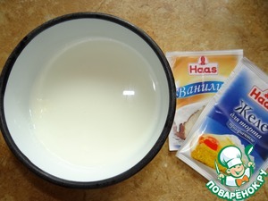 Приготовить ванильное желе: в молоко добавить сахар, ванилин, желе - при помешивании довести до кипения, прокипятить 15 секунд;
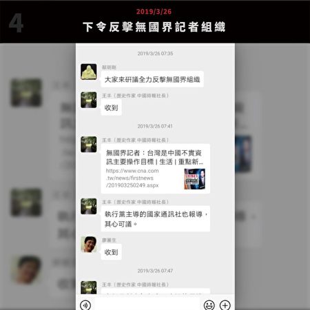 黃國昌28日晚間在臉書披露7張蔡衍明(微信名:蔡明剛)在微信群組裏指示新聞操作的截圖,對話內容包括可大批NCC無格淪為民進黨打手;對於民進黨前秘書長羅文嘉指旺中集團收受“對立政府”資助,指示“可大批羅文嘉”;以及“大家來研議全力反擊無國界組織”等內容。
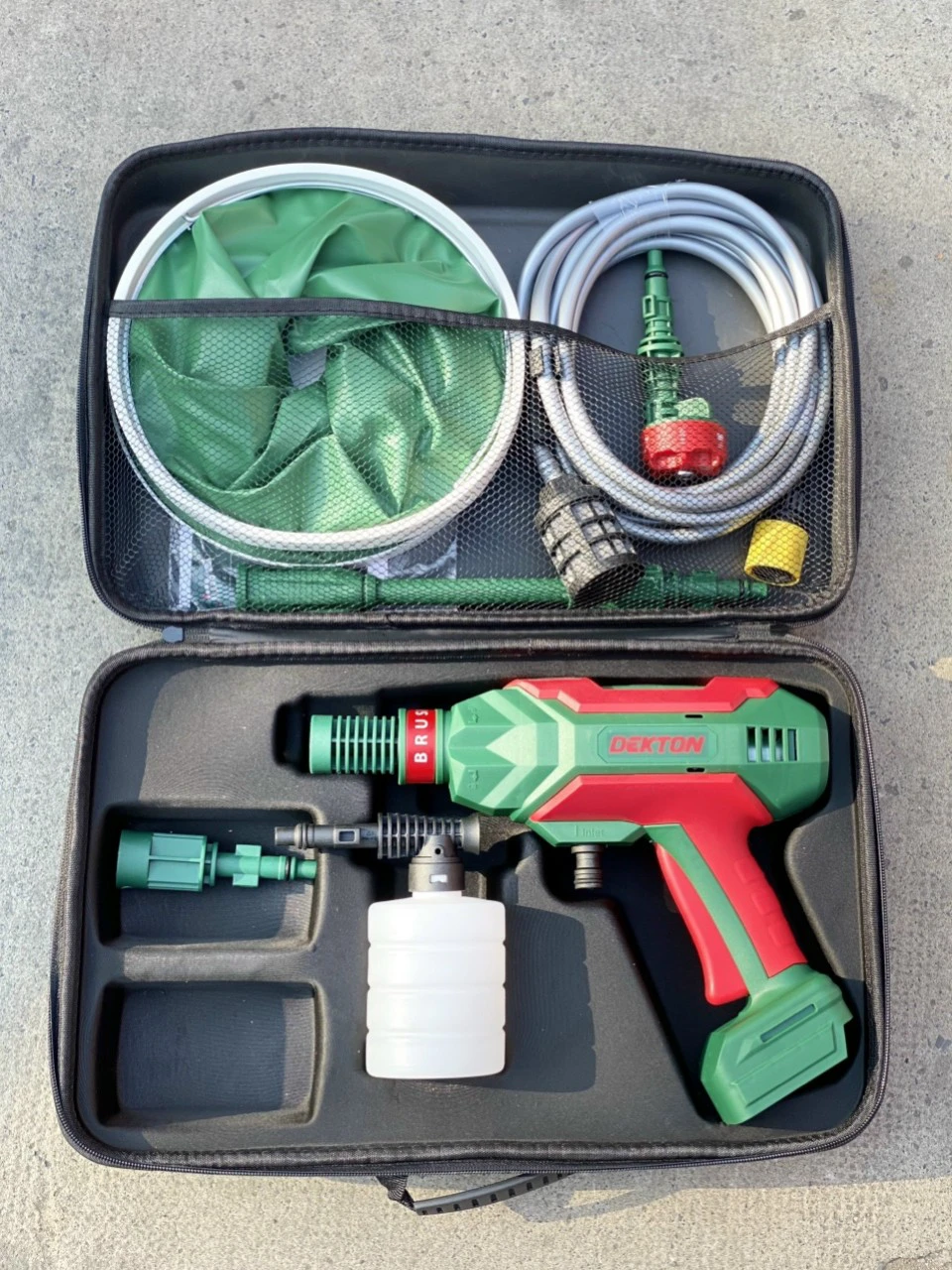 Súng rửa xe dùng pin 21V Dekton M21- SRX1401BL là một công cụ điện chuyên dụng để làm sạch cho các loại vật liệu, đồ dùng… Máy sử dụng cơ chế phun với áp lực lớn giúp đẩy nhanh quá trình vệ sinh lẫn làm sạch cho bề mặt của vật liệu, giúp tiết kiệm công sức và thời gian cho người sử dụng. Với Bộ súng xịt rửa dùng pin DEKTON M21 SRX1401BL, nhu cầu cho công việc vệ sinh chuyên nghiệp đòi hỏi phải di chuyển nhiều hoặc làm việc những nơi không có sẵn nguồn điện sẽ được đáp ứng một cách hoàn hảo.
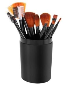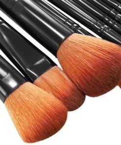 Комплект четки за грим в черно 12 бр. Синтетичните косми за производството на четките, които не предизвикват алергия, както естествените косми биха могли; това е и по-добро, екологично решение. Козметиката не остава върху четките, благодарение на което консумацията им е ниска – в сравнение с използването на естествени косми. Като използвате тези четки за гримиране можете да спестите, защото не се налага да купувате нови толкова често. Благодарение на различни видове и форми можете перфектно да нанесете грим върху цялото лице, включително очите и устните; всяка четка може да изпълнява различна функция. Косъмчетата на четките са изработени в стил омбре, черният комплект е комбинация от кафяво и тъмно кафяво. Освен естетичен акцент е и практично решение, защото евентуалните остатъци от грим не се виждат толкова много. Комплектът е опакован в затворен пластмасов калъф, който ви позволява удобно съхранение и транспортиране на четките. Край на разпръснатите четки! Разгледайте още продукти в категорията “Подарък за жена” – ТУК

☆ ☆ ☆ ☆ ☆ ☆ ☆

(PROBLEM REQUIREMENTS): Exactly as written above, retype the lines starting at the one holding "黃國昌28日晚間在臉書披露7" and ending at the one holding "Súng rửa xe", both included, but not the pictures.

(WRITTEN REPLY):
 黃國昌28日晚間在臉書披露7張蔡衍明(微信名:蔡明剛)在微信群組裏指示新聞操作的截圖,對話內容包括可大批NCC無格淪為民進黨打手;對於民進黨前秘書長羅文嘉指旺中集團收受“對立政府”資助,指示“可大批羅文嘉”;以及“大家來研議全力反擊無國界組織”等內容。
 Súng rửa xe dùng pin 21V Dekton M21- SRX1401BL là một công cụ điện chuyên dụng để làm sạch cho các loại vật liệu, đồ dùng… Máy sử dụng cơ chế phun với áp lực lớn giúp đẩy nhanh quá trình vệ sinh lẫn làm sạch cho bề mặt của vật liệu, giúp tiết kiệm công sức và thời gian cho người sử dụng. Với Bộ súng xịt rửa dùng pin DEKTON M21 SRX1401BL, nhu cầu cho công việc vệ sinh chuyên nghiệp đòi hỏi phải di chuyển nhiều hoặc làm việc những nơi không có sẵn nguồn điện sẽ được đáp ứng một cách hoàn hảo.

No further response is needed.